EVO-DEVO
– Acronimo di Evolutionary developmental biology («biologia evolutiva dello sviluppo»), costituisce una nuova branca della biologia contemporanea nella quale confluiscono teorie evolutive, filogenesi, embriologia e genetica molecolare. Tale disciplina verifica in chiave evolutiva la struttura e le funzioni del genoma, analizzando il rapporto tra lo sviluppo embrionale e fetale di un organismo (ontogenesi) e l'evoluzione della popolazione cui tale organismo appartiene (filogenesi). Principio fondante dell'EVO-DEVO è che le mutazioni a carico dei geni coinvolti nel controllo e nella regolazione dello sviluppo embrionale, provocando una riprogrammazione cellulare, possono originare caratteri inediti (nuove strutture o nuove vie metaboliche) nell'adulto, il quale potrà trasmettere tali caratteri alle generazioni successive.

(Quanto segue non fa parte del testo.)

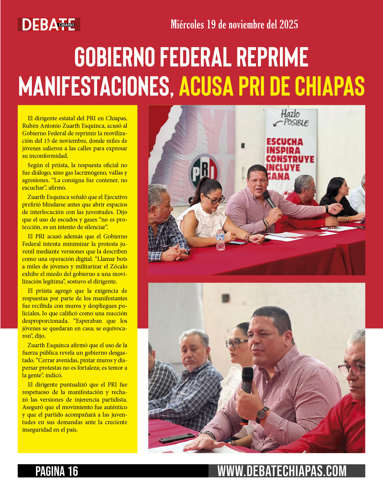 El dirigente estatal del PRI en Chiapas, Rubén Antonio Zuarth Esquinca, acusó al Gobierno Federal de reprimir la movilización del 15 de noviembre, donde miles de jóvenes salieron a las calles para expresar su inconformidad.
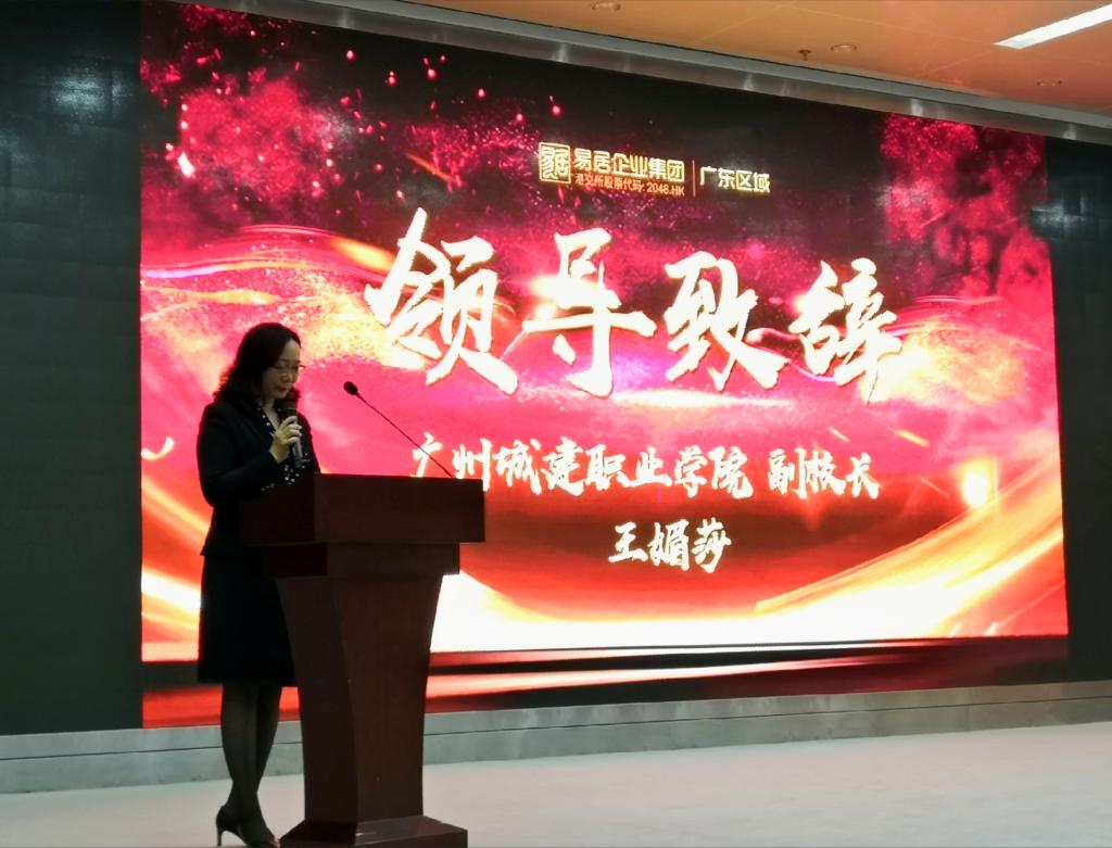 副校长王媚莎在讲话中指出,我校与易居集团开展了近10年的深度合作,累计为企业输送了255名优秀学子,其中10%成为企业的销售冠军。她表示,城建学院毕业生所取得的优秀业绩离不开老师们的悉心教导,离不开企业的精心培养。她强调,要抓住国家大力发展职业教育的契机,打造以市场营销国家骨干专业牵头的“数字地产管理专业群”,实现校企双方合作领域的提质升级,为培养面向粤港澳大湾区发展需要的复合型技术技能人才的目标努力奋斗。
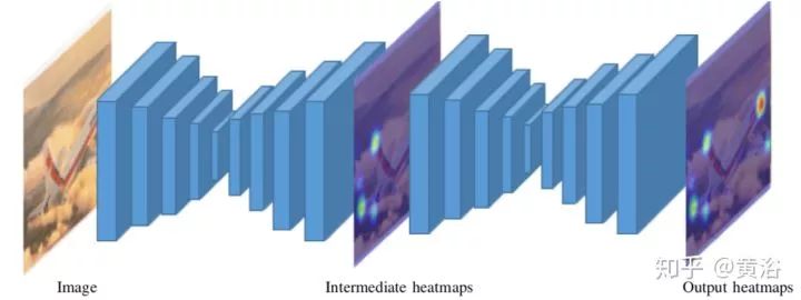 其中CNN模型如下结构:两个沙漏模型的叠加,输出特征点的热图(heatmap)。
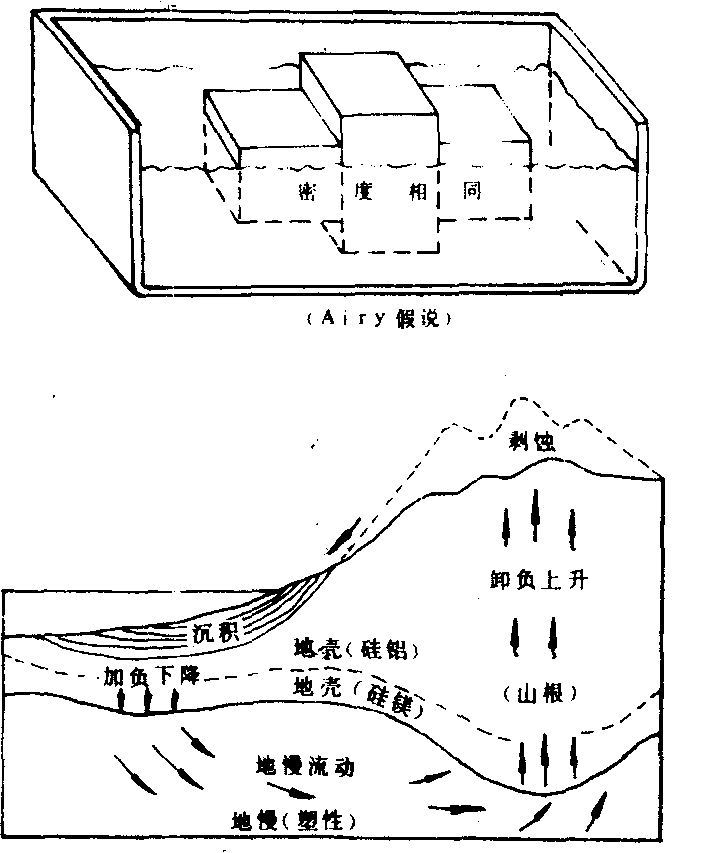 均衡说机制示意图 均衡说1889年达顿(Dutton,C.E.)提出的一种根据均衡原理和大地测量资料来解释地壳垂直运动的假说。阿基米德均衡原理指出,当把横截面积相同、重量相同但密度不同的柱状块体放在液体中,由于重力的影响,块体的下界将位于同一平面上,而上界却高低不平,密度小的高于密度大的,以此来保持液面上块体之间的平衡状态。达顿认为,地壳本应处于均衡状态,但由于地壳表面高低不平,在外力作用下山脉遭受剥蚀、盆地接受沉积;大陆遭受剥蚀、海洋接受沉积;这就使原来的均衡状态遭到破坏。由此,遭到剥蚀的、负荷减轻了的大陆、山脉等地区就要上升,接受沉积、负荷加重了的地区就要下降,以便达到新的平衡。这样,地壳的垂直运动的原因就可由重力不均衡来解释了。均衡说的弱点在于它提出的升降运动的机制是不可逆的,受重力作用下降的地区不可能转为上升,上升的地区也永远不会转为下降,这与地壳运动的实际不符。另外,它也不能解释地壳的水平运动。 |

In questo modo, i nuovi caratteri inizieranno il loro percorso evolutivo all'interno di una popolazione e saranno anche l'origine della biodiversità. La teoria dell'EVO-DEVO e quella dell'evoluzione per selezione naturale non sono in opposizione tra di loro, ma piuttosto si integrano: l'EVO-DEVO sottolinea l'importanza di mutazioni che modificano la regolazione dello sviluppo, con questo spiegando anche i caratteri non adattativi che possono trovarsi in una popolazione; la selezione agisce come un meccanismo di controllo sulle variazioni casuali che si presentano in una popolazione.

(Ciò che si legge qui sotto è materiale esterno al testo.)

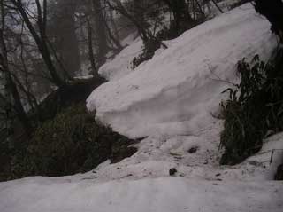 一端下ってから 三嶺ヒュッテにかけてのあたりは雪が深かった。
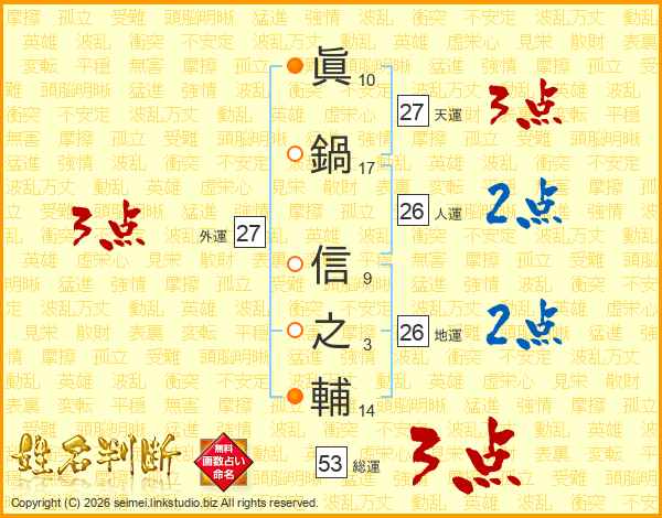 眞鍋信之輔さんの総運は53画の3点!
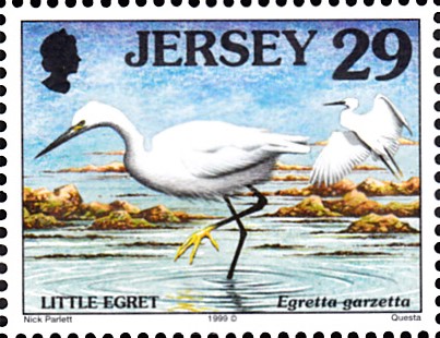 In einer Serie "Naturschutzgebiet Sreburna" erschien in Bulgarien diese Marke (MiNr 1837) mit einem Seidenreiher (Egretta garzetta).
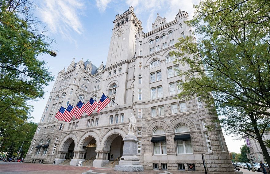 ކުރިން އެމެރިކާގެ ޕޯސްޓް އޮފީސް ޑިޕާޓްމަންޓްގެ ހެޑްކުއާޓަރުގެ ގޮތުގައި ހިންގި އިމާރާތް ޓްރަމްޕް ގަތީ 60 އަހަރުގެ ލީސް އެގްރިމަންޓެއްގެ ދަށުން 2012 ގަ އެވެ. ވޮޝިންޓަންގައި ދެވަނަ އަށް އެންމެ އުސް އިމާރާތް، ޓޫރިސްޓް ހޮޓަލެއްގެ ގޮތުގައި އާންމުކޮށް ހުޅުވާލީ 2016 ގަ އެވެ. އެ އިމާރާތް ހުންނަނީ އެމެރިކާގެ ރިޔާސީގަނޑުވަރު، ވައިޓް ހައުސްއާ މޭލެއްހާ ކައިރީގަ އެވެ.
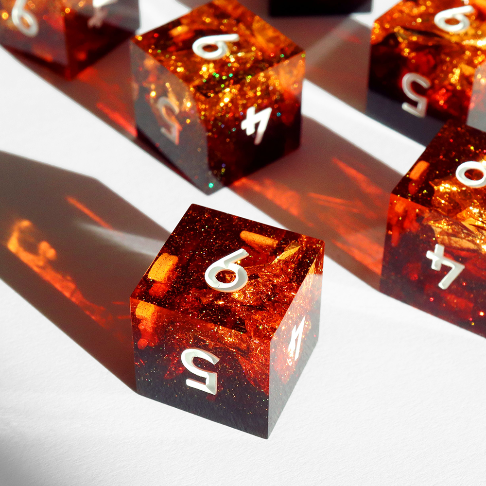 A set of 6d6 dice in the Fireheart design.
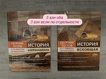 - 6–11-ci siniflər üçün “История Азербайджана” və “История Всеобщая” test topluları (RM). GİM-in buraxılış proqramına uyğun test tapşırıqları; qapalı, açıq və situasiya tipli testlər; testlərin cavabları. Birlikdə: 5 AZN, ayrı-ayrılıqda: 3 AZN (şəkildə göstərildiyi kimi).
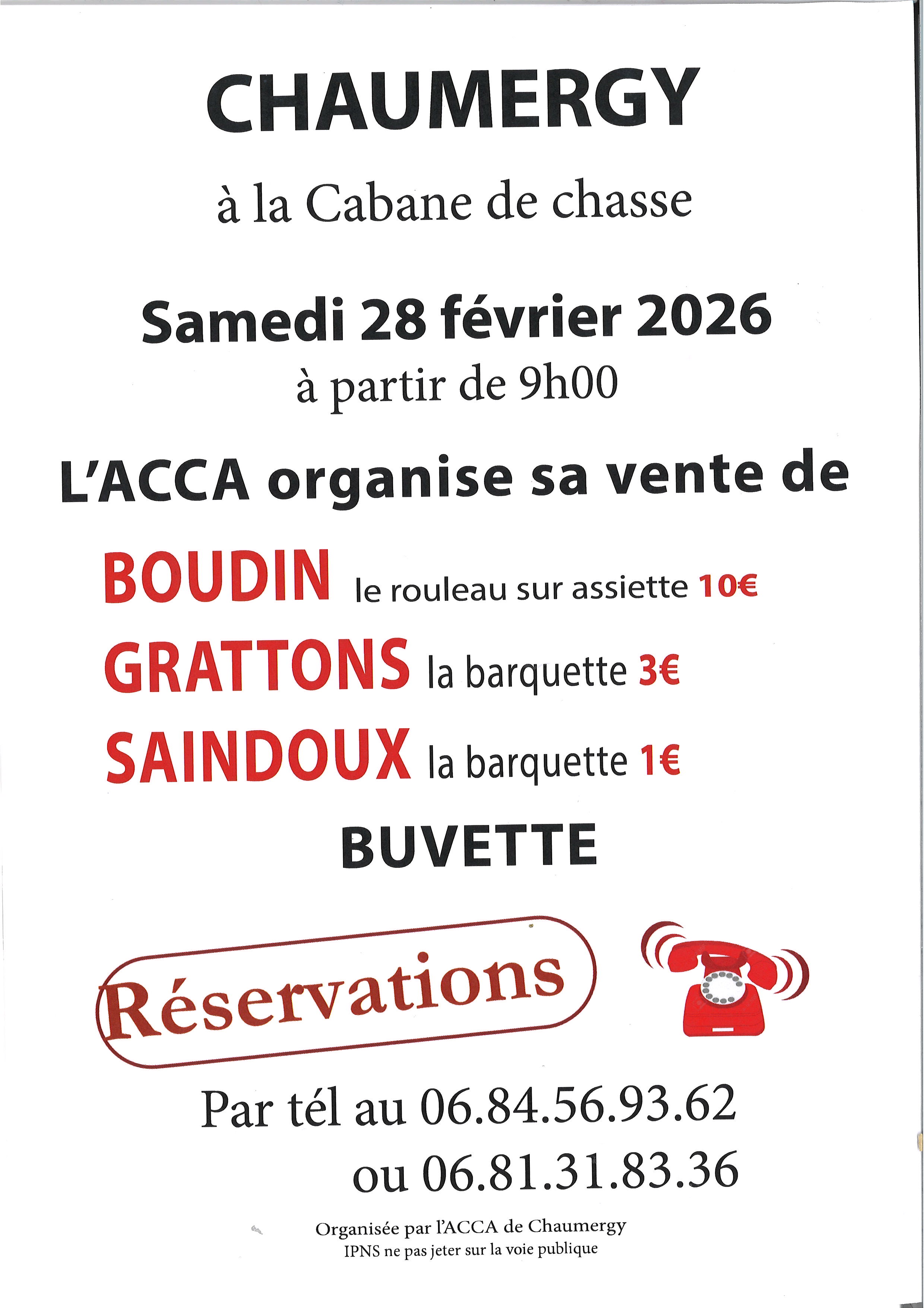 SAMEDI 28 FEVRIER 2026 à partir de 9h00 au pavillon de Chasse.
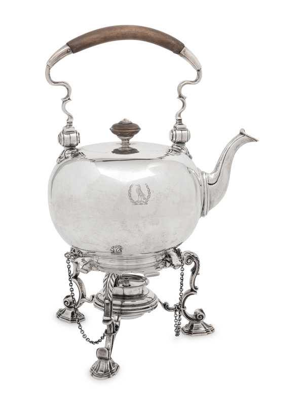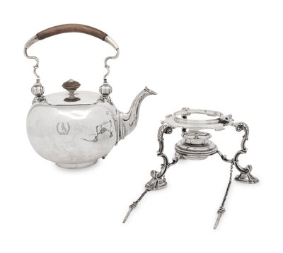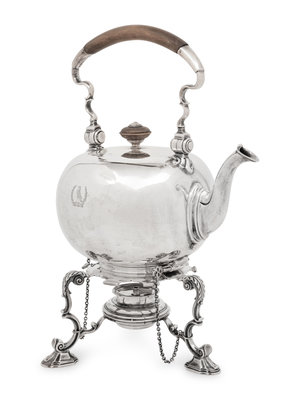 An English Silver Kettle on Lamp Stand

Fondamenti genetici. ‒ In base agli studi di genomica, è noto che i genomi sono ridondanti, modulari e soggetti a rimaneggiamento e rimodellamento (turnover genomico). Questa plasticità è assicurata da fenomeni come la trasposizione (spostamenti di materiale all'interno del genoma), la conversione genica (un gene può trasformarsi in un altro gene), il crossing-over ineguale (il materiale genetico può dividersi in modo ineguale tra le cellule durante la meiosi), ecc.; inoltre, anche gli stimoli ambientali possono interagire con il genoma, determinando una risposta. Il turnover genomico può essere causa di mutazioni spontanee. D'altra parte, poiché è noto che nel corso dell’evoluzione i cambiamenti morfologici e le divergenze biologiche presentano un alto grado di conservazione dei moduli genetici che li producono, se ne deduce che i meccanismi preposti alla regolazione dell’espressione genica e alla composizione del genoma sono coinvolti nei processi evolutivi. I geni sono estremamente stabili, anche se si prendono in considerazione specie diversissime tra di loro. Un esempio classico è quello della classe dei geni Hox, i quali funzionano da interruttori generali capaci di attivare gruppi di altri geni responsabili dello sviluppo di specifiche parti del corpo di un animale. Tutte le specie hanno ereditato i geni Hox da un antenato comune ed essi mantengono una disposizione, nel tempo (come momento di attivazione) e nello spazio (come posizione sul cromosoma), che è correlata tra le varie specie. La genomica comparata ha dimostrato che esiste una grande conservazione di intere famiglie geniche, piuttosto che geni diversi tra i diversi organismi. Appare quindi chiaro che la diversità tra gli organismi è regolata dalla diversa espressione dei loro geni, piuttosto che dalla presenza di geni diversi. Al riguardo, è importante conoscere la composizione e il significato funzionale di quella parte del DNA detto junk DNA («DNA spazzatura»). Si tratta della maggior parte del DNA di un genoma e un tempo era ritenuto inattivo (da qui il soprannome). Studi recenti (v. ) indicano però che nel junk DNA sono contenute sequenze che regolano l'attività di altri geni.